● WHAT TO WORK ON:
Without changing a word, copy every line of the listing below and leave out the images.

━━━ DATA TO EXAMINE

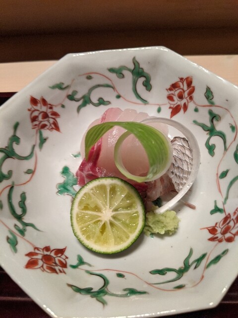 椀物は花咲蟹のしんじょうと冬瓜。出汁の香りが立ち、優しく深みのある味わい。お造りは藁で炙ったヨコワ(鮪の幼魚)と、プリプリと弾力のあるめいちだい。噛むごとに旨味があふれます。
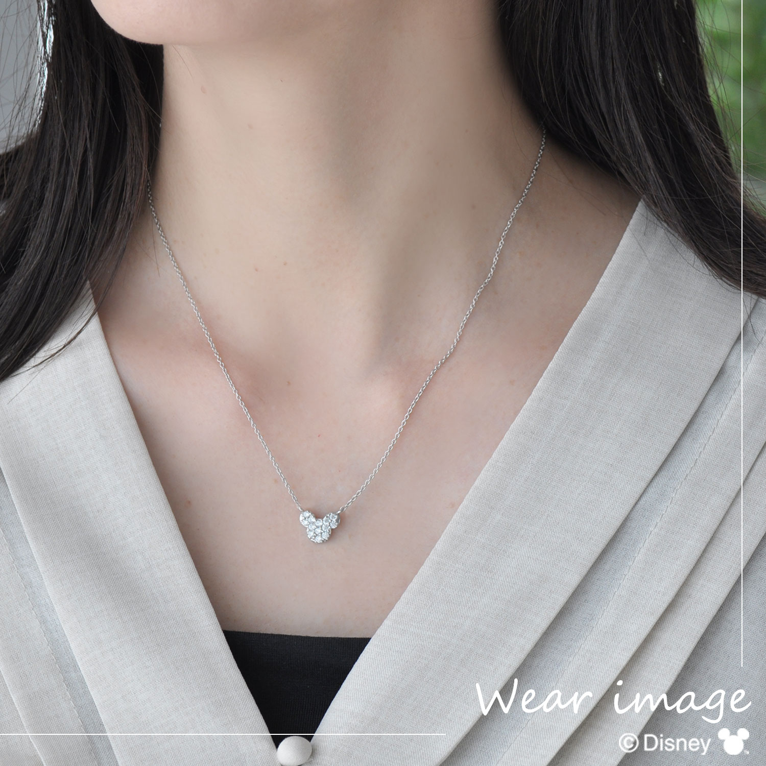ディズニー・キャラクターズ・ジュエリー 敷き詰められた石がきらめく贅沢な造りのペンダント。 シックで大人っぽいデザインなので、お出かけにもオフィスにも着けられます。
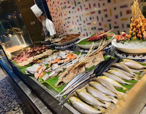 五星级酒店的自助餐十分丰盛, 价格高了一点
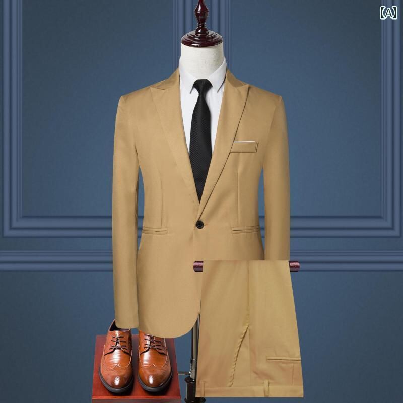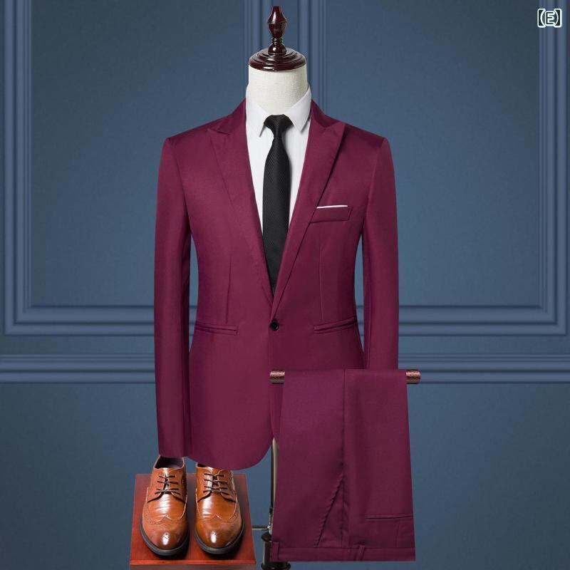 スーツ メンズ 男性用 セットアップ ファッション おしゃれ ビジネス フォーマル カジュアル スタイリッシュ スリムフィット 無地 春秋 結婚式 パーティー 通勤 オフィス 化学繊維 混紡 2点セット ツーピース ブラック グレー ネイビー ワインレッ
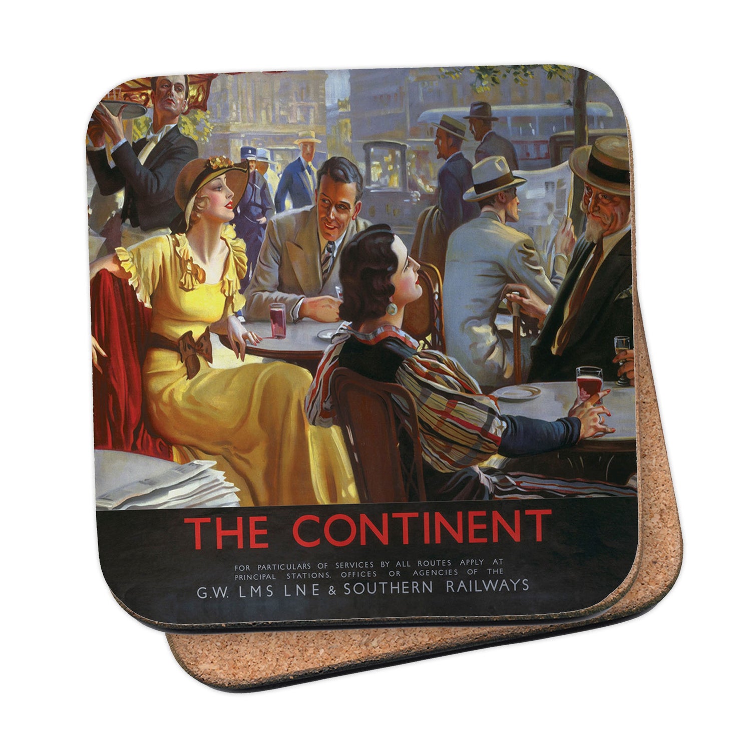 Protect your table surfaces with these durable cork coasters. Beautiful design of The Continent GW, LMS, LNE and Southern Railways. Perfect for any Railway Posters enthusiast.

━━━━━━

● EXPECTED OUTPUT:
 椀物は花咲蟹のしんじょうと冬瓜。出汁の香りが立ち、優しく深みのある味わい。お造りは藁で炙ったヨコワ(鮪の幼魚)と、プリプリと弾力のあるめいちだい。噛むごとに旨味があふれます。
ディズニー・キャラクターズ・ジュエリー 敷き詰められた石がきらめく贅沢な造りのペンダント。 シックで大人っぽいデザインなので、お出かけにもオフィスにも着けられます。
 五星级酒店的自助餐十分丰盛, 价格高了一点
 スーツ メンズ 男性用 セットアップ ファッション おしゃれ ビジネス フォーマル カジュアル スタイリッシュ スリムフィット 無地 春秋 結婚式 パーティー 通勤 オフィス 化学繊維 混紡 2点セット ツーピース ブラック グレー ネイビー ワインレッ
 Protect your table surfaces with these durable cork coasters. Beautiful design of The Continent GW, LMS, LNE and Southern Railways. Perfect for any Railway Posters enthusiast.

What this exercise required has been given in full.